As mentioned, another use of sialendoscopy is to aid conservative surgical excision of larger salivary calculi, usually in the parotid. The standard treatment of such stones in previous times would have been a parotidectomy. Karavidas et al. describe 70 patients treated with a combined endoscopic and conservative external excision of parotid duct calculi. The stone is identified within the parotid duct by sialendoscopy and ultrasound. Either a pre-auricular incision or an incision directly over the stone is made to remove it. No facial nerve weakness or salivary fistulae were noted in this series.

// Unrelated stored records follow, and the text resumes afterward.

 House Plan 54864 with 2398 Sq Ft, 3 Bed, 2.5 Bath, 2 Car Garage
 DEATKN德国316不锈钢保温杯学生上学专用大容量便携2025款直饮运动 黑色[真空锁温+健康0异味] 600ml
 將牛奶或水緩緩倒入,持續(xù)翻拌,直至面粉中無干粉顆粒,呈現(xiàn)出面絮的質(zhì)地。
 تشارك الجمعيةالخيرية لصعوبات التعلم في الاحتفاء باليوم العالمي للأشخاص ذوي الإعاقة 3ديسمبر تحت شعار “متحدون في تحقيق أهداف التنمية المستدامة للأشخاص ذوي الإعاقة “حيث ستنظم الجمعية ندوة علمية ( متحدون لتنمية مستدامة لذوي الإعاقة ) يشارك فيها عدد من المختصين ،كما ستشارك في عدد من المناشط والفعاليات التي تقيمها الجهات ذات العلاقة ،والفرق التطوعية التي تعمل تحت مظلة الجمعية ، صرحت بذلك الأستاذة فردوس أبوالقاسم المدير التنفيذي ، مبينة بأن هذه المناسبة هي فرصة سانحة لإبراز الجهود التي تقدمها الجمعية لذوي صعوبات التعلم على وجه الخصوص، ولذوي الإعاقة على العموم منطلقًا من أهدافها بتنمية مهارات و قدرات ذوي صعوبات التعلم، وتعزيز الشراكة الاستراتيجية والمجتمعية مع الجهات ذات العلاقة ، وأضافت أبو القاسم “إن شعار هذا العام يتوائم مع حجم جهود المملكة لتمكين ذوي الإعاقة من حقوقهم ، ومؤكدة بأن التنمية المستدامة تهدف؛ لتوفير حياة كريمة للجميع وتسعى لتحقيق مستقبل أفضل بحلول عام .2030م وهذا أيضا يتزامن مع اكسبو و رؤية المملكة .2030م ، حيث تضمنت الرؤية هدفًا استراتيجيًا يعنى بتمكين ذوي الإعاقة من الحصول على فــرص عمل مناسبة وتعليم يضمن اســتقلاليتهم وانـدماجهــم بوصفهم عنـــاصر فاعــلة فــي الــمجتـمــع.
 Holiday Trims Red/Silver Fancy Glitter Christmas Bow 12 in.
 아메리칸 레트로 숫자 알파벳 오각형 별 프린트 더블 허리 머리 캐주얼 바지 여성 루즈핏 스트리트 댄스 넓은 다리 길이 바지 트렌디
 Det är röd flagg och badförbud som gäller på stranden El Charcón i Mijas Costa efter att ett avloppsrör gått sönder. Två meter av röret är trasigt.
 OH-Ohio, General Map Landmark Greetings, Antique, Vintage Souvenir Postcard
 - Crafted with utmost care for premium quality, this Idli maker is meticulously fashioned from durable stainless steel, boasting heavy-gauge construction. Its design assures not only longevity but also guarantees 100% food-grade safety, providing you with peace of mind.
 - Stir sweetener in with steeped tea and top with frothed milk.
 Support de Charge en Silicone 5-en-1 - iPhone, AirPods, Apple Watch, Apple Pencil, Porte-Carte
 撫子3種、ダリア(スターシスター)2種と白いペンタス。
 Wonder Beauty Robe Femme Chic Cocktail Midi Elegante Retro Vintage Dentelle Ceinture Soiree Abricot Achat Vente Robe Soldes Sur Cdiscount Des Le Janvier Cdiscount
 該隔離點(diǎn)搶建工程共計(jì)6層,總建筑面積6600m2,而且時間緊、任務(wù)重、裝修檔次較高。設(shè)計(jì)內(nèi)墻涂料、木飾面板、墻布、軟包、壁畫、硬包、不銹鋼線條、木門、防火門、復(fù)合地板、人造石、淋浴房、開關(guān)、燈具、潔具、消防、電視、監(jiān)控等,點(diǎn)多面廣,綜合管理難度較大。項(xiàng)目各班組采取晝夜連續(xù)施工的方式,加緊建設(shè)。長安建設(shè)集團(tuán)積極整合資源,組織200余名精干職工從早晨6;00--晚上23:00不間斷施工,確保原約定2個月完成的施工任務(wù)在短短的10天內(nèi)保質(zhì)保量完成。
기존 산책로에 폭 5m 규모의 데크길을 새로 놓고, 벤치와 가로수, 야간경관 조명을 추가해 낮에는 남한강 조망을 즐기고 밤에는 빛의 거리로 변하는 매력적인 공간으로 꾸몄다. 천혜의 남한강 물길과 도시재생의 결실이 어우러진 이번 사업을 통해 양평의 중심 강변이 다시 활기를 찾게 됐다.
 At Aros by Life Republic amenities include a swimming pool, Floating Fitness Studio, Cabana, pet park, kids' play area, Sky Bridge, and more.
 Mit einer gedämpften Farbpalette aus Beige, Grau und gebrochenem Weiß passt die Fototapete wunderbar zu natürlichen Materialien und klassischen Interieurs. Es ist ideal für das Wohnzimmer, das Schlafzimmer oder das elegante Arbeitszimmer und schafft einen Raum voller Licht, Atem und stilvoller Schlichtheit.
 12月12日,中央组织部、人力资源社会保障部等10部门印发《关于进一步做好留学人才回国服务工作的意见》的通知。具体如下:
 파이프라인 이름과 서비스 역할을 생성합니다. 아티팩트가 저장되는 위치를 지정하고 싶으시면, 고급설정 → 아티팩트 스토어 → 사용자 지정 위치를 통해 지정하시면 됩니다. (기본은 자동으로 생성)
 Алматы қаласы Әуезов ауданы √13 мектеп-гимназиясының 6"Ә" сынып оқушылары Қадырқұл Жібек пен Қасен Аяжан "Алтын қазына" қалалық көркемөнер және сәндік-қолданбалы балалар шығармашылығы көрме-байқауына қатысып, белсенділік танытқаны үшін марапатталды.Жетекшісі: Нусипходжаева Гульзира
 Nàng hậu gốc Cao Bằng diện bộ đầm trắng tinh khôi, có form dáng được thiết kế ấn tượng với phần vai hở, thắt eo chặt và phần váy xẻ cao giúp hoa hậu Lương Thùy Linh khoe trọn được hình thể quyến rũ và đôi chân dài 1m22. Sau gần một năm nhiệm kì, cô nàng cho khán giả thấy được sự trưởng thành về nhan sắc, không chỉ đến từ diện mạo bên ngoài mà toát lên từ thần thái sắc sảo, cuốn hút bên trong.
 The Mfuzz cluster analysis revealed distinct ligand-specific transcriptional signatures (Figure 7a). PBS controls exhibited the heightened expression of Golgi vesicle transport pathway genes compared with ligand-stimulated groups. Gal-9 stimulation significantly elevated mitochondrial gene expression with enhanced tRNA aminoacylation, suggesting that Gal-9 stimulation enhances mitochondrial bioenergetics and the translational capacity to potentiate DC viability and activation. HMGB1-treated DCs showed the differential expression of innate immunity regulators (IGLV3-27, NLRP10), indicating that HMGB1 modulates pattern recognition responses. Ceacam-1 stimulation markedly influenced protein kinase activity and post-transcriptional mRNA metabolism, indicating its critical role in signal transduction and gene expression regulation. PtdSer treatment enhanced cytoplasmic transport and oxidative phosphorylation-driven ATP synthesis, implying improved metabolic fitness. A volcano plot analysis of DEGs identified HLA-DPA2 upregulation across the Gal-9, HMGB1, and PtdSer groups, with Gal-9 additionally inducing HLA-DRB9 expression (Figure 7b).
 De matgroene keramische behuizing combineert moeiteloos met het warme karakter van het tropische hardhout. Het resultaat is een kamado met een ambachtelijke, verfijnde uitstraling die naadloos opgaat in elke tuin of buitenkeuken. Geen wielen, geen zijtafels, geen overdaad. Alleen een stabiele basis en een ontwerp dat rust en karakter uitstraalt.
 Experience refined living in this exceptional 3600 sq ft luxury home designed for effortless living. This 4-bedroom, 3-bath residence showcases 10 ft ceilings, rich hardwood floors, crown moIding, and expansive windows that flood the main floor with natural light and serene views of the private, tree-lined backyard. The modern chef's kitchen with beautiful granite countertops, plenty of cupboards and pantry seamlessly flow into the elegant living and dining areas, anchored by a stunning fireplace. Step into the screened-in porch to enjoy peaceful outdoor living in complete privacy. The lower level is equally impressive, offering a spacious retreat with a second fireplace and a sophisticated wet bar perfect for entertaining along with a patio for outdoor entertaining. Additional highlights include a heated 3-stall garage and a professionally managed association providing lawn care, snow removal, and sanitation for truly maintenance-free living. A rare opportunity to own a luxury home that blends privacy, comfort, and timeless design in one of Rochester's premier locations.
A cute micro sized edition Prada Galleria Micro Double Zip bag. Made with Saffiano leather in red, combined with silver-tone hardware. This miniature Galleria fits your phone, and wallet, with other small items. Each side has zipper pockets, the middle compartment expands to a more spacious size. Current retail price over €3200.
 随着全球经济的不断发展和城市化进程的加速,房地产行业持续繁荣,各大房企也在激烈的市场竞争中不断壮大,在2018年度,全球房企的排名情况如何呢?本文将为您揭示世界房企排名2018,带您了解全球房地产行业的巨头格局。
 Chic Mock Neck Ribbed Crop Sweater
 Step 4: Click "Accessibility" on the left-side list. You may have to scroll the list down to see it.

Sialadenosis or sialosis is a non-inflammatory, non-neoplastic, non-painful, bilateral swelling of the major salivary glands and is usually most clinically apparent in the parotid glands. Histologically it is characterised by acinar cell hypertrophy and atrophy of striated ducts associated with oedema of interstitial connective tissue. There are a number of factors associated with this condition, including some drugs (particularly antihypertensive medications, sympathomimetics, antithyroid agents and phenothiazines), endocrine disorders and nutritional disorders. Treatment of the underlying pathology is the mainstay of treatment. Surgical management should only be considered for failure of medical management coupled with gross cosmetic concerns.
Salivary gland cysts
Cysts chiefly affect the parotid glands and may be congenital or acquired. Acquired cysts must be distinguished from cystic neoplasms and as such many are surgically excised. Retention cysts occur after duct obstruction and can occur with sialadenitis or sialadenosis. Similar cysts can occur in Sjögren’s syndrome and HIV. Mucoceles are mucosal swellings containing mucus. Most are located in the lower lip from a minor salivary gland. A particular type of extravasation mucocele is the ranula ; these arise from the sublingual gland and are termed ‘plunging’ if they penetrate through the mylohyoid muscle into the neck.
Radiotherapy to the head and neck region results in a chronic long-term dry mouth and is universally recognised by patients as one of the major determinants on quality of life after such treatment. Radiotherapy to the salivary glands results in decreased salivary flow. There is emerging evidence from randomised controlled studies supporting the use of intensity modulated radiotherapy (IMRT) in head and neck oncology, in allowing a reduced dose of radiation to the parotid glands resulting in an improved salivary flow. Whilst amifostine and pilocarpine have both been used to improve salivary flow, their use has never replaced the humble bottle of water in relieving the troublesome symptoms of a chronic dry mouth.